▶ **DATA FOR THIS TASK**:

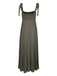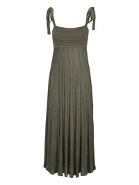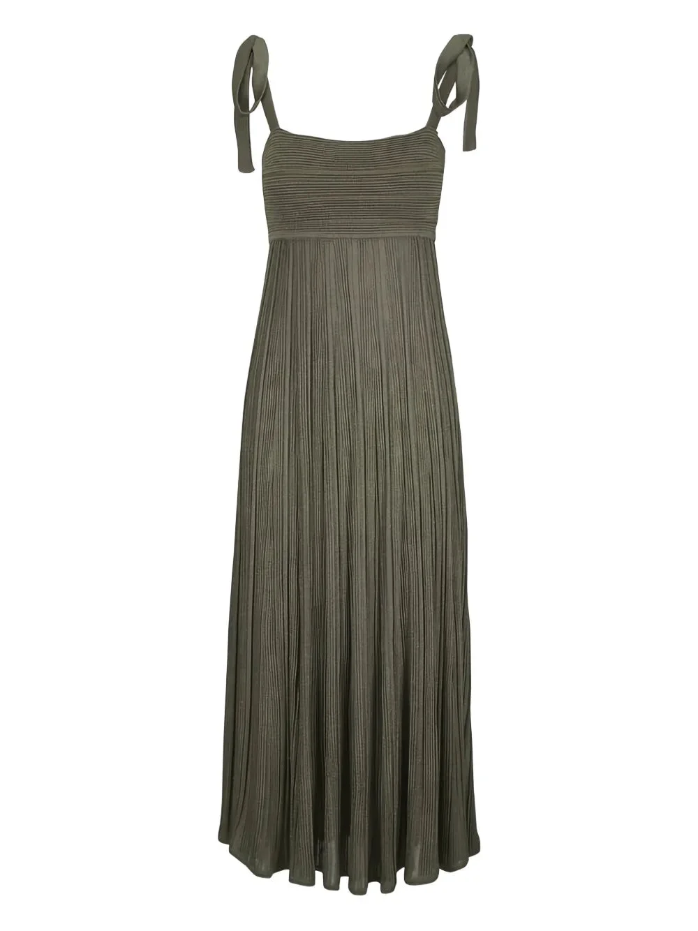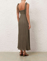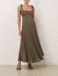 The Wanderlust Metallic Maxi Dress from Zimmermann's Resort Swim 2026 Collection. A knit midi dress featuring self-tie straps and a pleated skirt. Product Details Designer ID: 4311DRS262 Color: Metallic Olive Composition: 89% viscose, 6% metallic, 5% nylon Imported
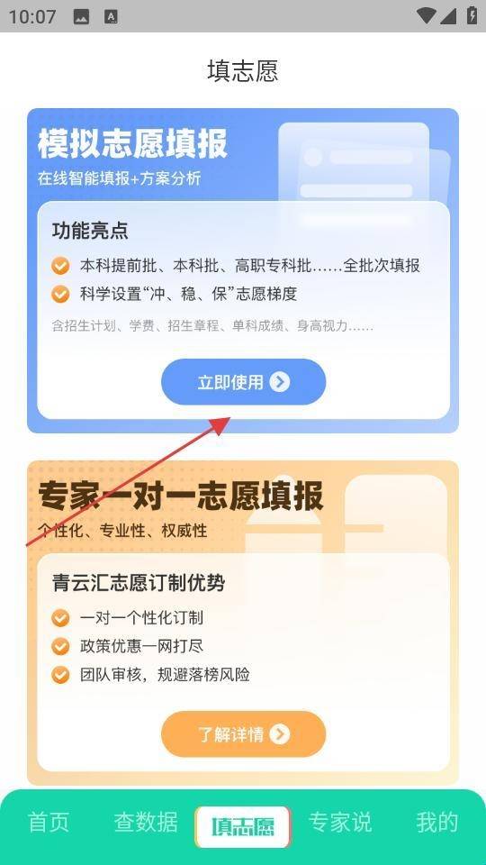3、回到填志愿页,选择模拟志愿填报,点击立即使用,按系统指引,结合全批次填报、冲稳保梯度设置等功能,在线智能填报并分析方案。
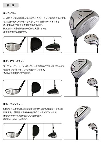 セット内容:ウッド3本(1W・3W・UT)、アイアン6本(6I・7I・8I・9I・PW・SW)、パター1本
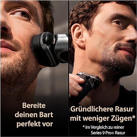 • Noch gründlichere Rasur in weniger Zügen (getestet im Vergleich mit reiner Series 9 Pro+ Rasur): In Kombination mit dem besten Rasierer von Braun für ultimative Gründlichkeit und Hautkomfort
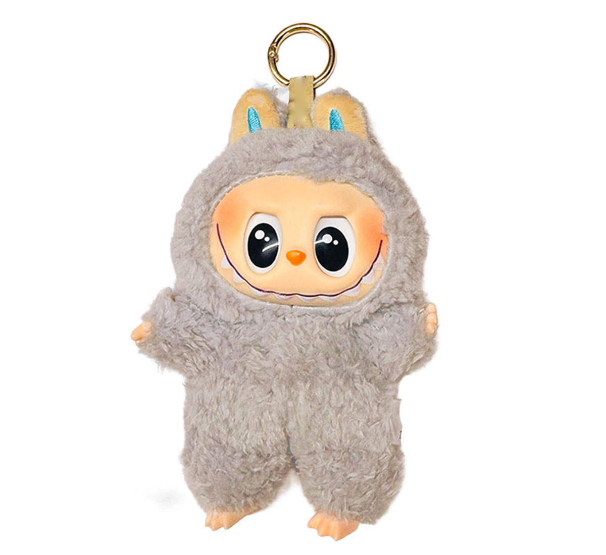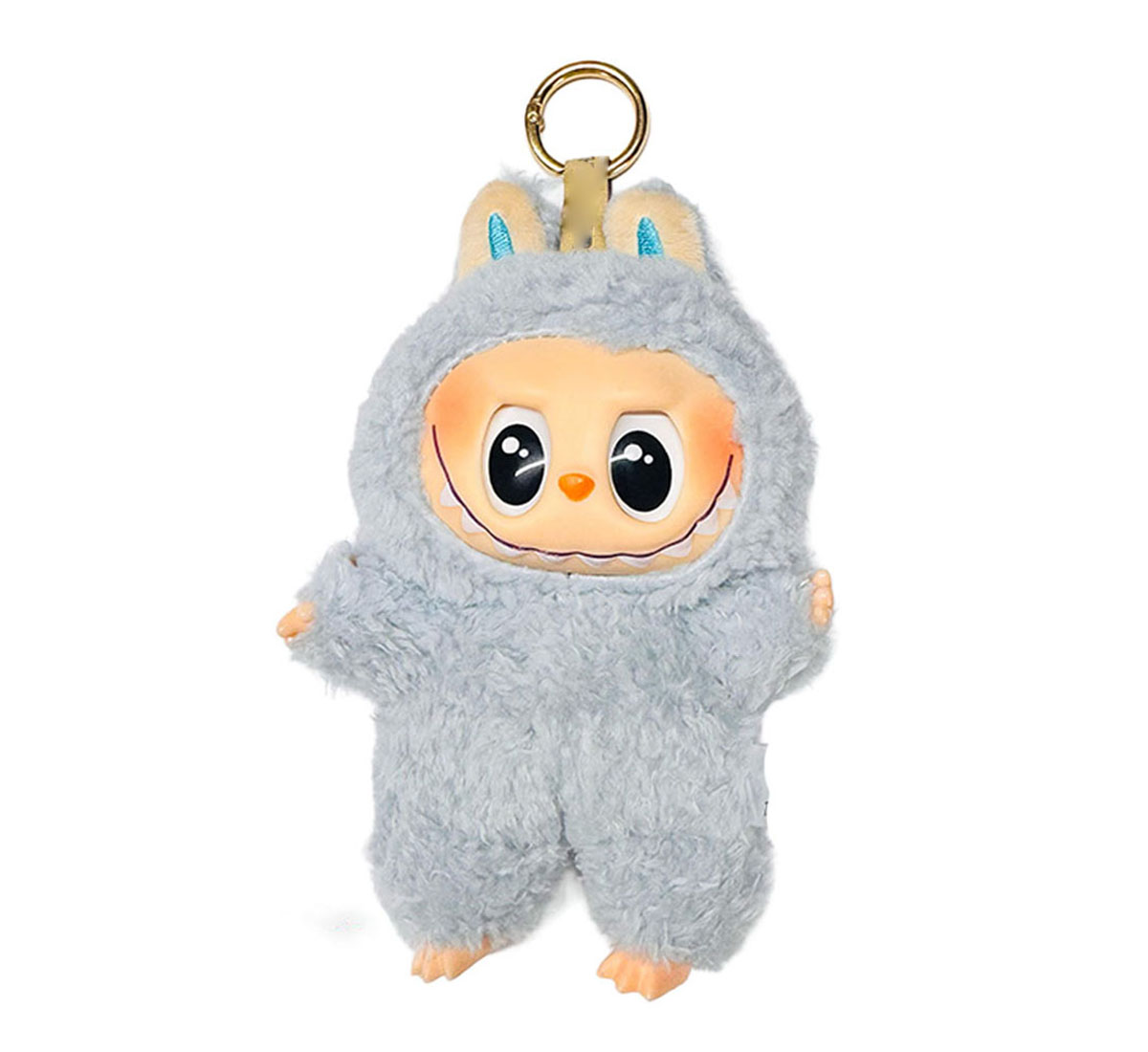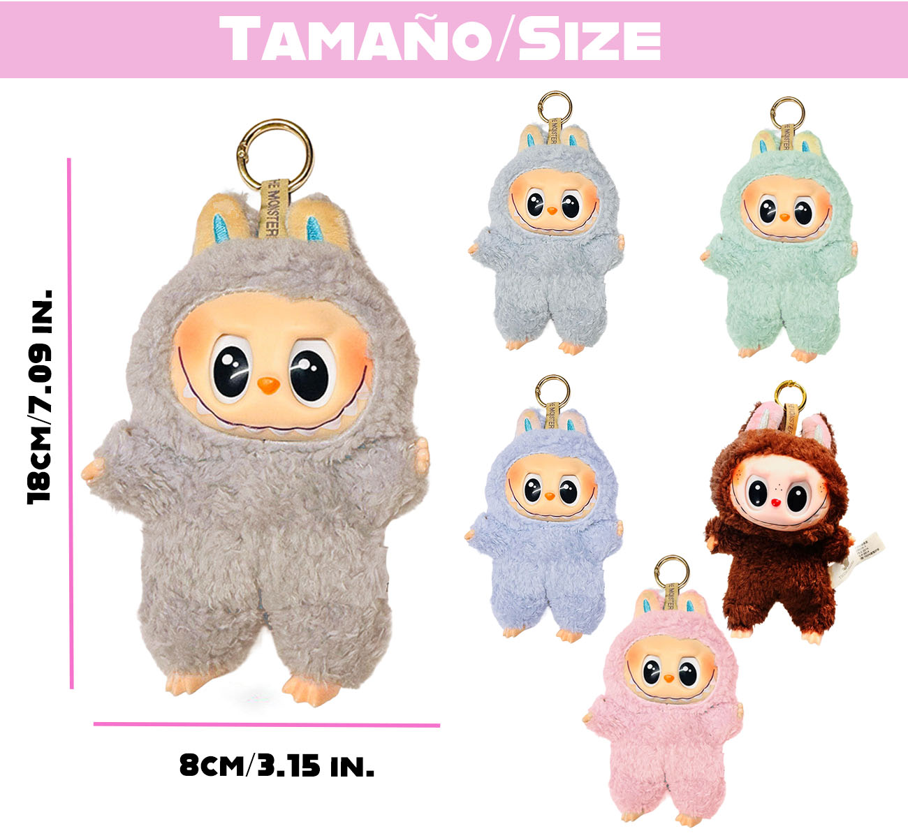 Diseño Kawaii con Detalles Adorable: Están vestidos en suaves trajes de peluche con orejas, y cuentan con una cara de vinilo expresiva que les da un toque de ternura y diversión.

▶ **WHAT TO DO**: Only the lines from the one containing "3、回到填志愿页,选择模拟志" through the last line of the entries belong in the answer, given again exactly. Images stay out.

▶ **ANSWER FOR THIS EXERCISE**:
3、回到填志愿页,选择模拟志愿填报,点击立即使用,按系统指引,结合全批次填报、冲稳保梯度设置等功能,在线智能填报并分析方案。
 セット内容:ウッド3本(1W・3W・UT)、アイアン6本(6I・7I・8I・9I・PW・SW)、パター1本
 • Noch gründlichere Rasur in weniger Zügen (getestet im Vergleich mit reiner Series 9 Pro+ Rasur): In Kombination mit dem besten Rasierer von Braun für ultimative Gründlichkeit und Hautkomfort
 Diseño Kawaii con Detalles Adorable: Están vestidos en suaves trajes de peluche con orejas, y cuentan con una cara de vinilo expresiva que les da un toque de ternura y diversión.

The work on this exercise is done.